Amal Alhaag is an Amsterdam based independent curator, cultural programmer and radio host with an interest in counter-culture, oral histories and global social issues. Her work explores these themes through both short and long-term collaborations with artists, institutions and audiences. Since 2008, her projects infuse music and art with current affairs, post-coloniality, digital anthropology and everyday anecdotes to invite, stage or examine ‘uncomfortable‘ issues, unknown stories and unwelcome audiences to write, share or compose narratives in impermanent settings.
In 2012, Amal Alhaag acted as curator-in-residence at NODE, Center for Curatorial Studies, Berlin. She previously worked as cultural programmer at the Tolhuistuin, Amsterdam (2009-2012), and as the curator for public programming at the Tropenmuseum, Amsterdam (2013/2014). Together with artist Maria Guggenbichler, Alhaag co-founded the Side Room, a discursive platform for art & intersectional theory in Amsterdam.

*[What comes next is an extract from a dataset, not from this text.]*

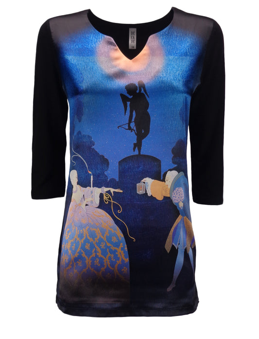 Дамска туника - тениска с 3/4 ръкав остро деколте с копчета
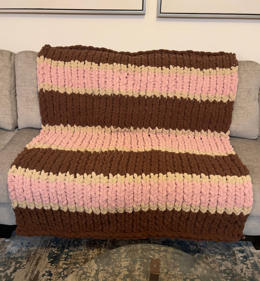 Custom Hand-Knit Chunky Throw Blanket | Brown, Beige & Pink | Ultra Soft & Cozy

Amal Alhaag curated the exhibition and project Diasporic Self: Black Togetherness as Lingua Franca at Framer Framed in Amsterdam from 14 December 2018 to 17 February 2019 and from 7 December to 25 January at 198 Contemporary Arts & Learning in London, in collaboration with artist and curator Barby Asante.
In addition, she is currently the artistic director of the contemporary urban culture platform Metro54. From this capacity she contributed to the exhibition BLUEPRINT: Whose urban appropriation is this? (2017) about the relationship between street culture and architecture at TENT, Rotterdam.